The CGL policy’s “insuring clause” provided liability insurance for “property damage” caused by “an occurrence.” The policy defined “an occurrence” as “an accident, including continuous or repeated exposure to substantially the same general harmful conditions.” Liberty Mutual argued that, as a general proposition, liability insurance only covered damages arising from “accidents” that result in tort claims, and not damages arising from breaches of contract. DMP’s liability to homeowners was contractual because it arose out of the purchase contracts between DMP and the homeowners.

The Court of Appeals declined to hold as a matter of law that a CGL policy does not cover liability arising out of contract. The CGL policy had various express limitations or exclusions that applied to certain contractual liabilities. None of these limitations or exclusions flatly barred coverage of all contract claims. The court would not impliedly read a limitation into the CGL policy that was absent from its plain language.

Liberty Mutual also argued for application of the economic loss doctrine, which bars recovery of damages caused by faulty workmanship if those damages are purely economic and do not arise from physical injury to persons or other property. Because the damages suffered by the homeowners under their purchase contracts with DMP were economic losses, Liberty Mutual argued the economic loss doctrine provided an independent basis to preclude coverage, separate and apart from whether or not an “occurrence” had taken place.

The Court of Appeals disagreed. It adopted the view held by Wisconsin and Texas that the economic loss doctrine is a liability defense or remedies doctrine, not a tool to interpret a CGL policy or a test to determine insurance coverage. The court held the proper inquiry should be whether “an occurrence” had caused “property damage,” regardless of whether the ultimate remedy for the claim arose in contract or tort.

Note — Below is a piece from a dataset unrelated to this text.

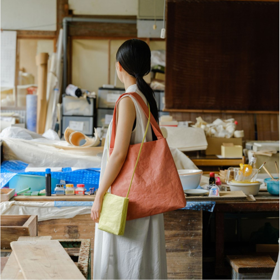 手漉き和紙に撥水加工を施した、わずか230gと軽いワンショルダーバッグです。

  1. A “Contractual Liability” Exclusion Only Applies to Indemnity or Hold Harmless Agreements

The CGL policy’s “Contractual Liability” clause excluded coverage for property damages “for which the insured is obligated to pay damages by reason of the assumption of liability in a contract or agreement.” Liberty Mutual argued this clause excluded coverage because DMP’s obligations arose out of its contracts and warranties with the homeowners. The Court of Appeals disagreed. It adopted the majority view that a “Contractual Liability” exclusion only applies when an insured assumes the liability of another under an agreement to indemnify or hold another harmless.

  1. The Supreme Court’s Affirmance

Upon petition by Liberty Mutual, the Supreme Court of Arizona granted review to consider: (1) whether a CGL policy covers an insured’s contractual liability for damage that caused only economic loss; (2) whether the CGL policy’s contractual liability exclusion applies only when an insured has assumed another’s liability by agreeing to indemnify or hold another harmless; and (3) whether an insured’s voluntary expenditures to repair property damages caused by construction defects resulted from a “legal obligation to pay damages.”

After considering Liberty Mutual’s and DMP’s briefs and oral arguments, the Supreme Court affirmed the Court of Appeals’ opinion on the issues presented for the reasons set forth by the Court of Appeals (--- P.3d ----, 2011 WL 1793913). In affirming without additional opinion or analysis, the Supreme Court fully endorsed the Court of Appeals’ reasoning. Arizona law, therefore, is that CGL policies do apply to liability arising out of contract.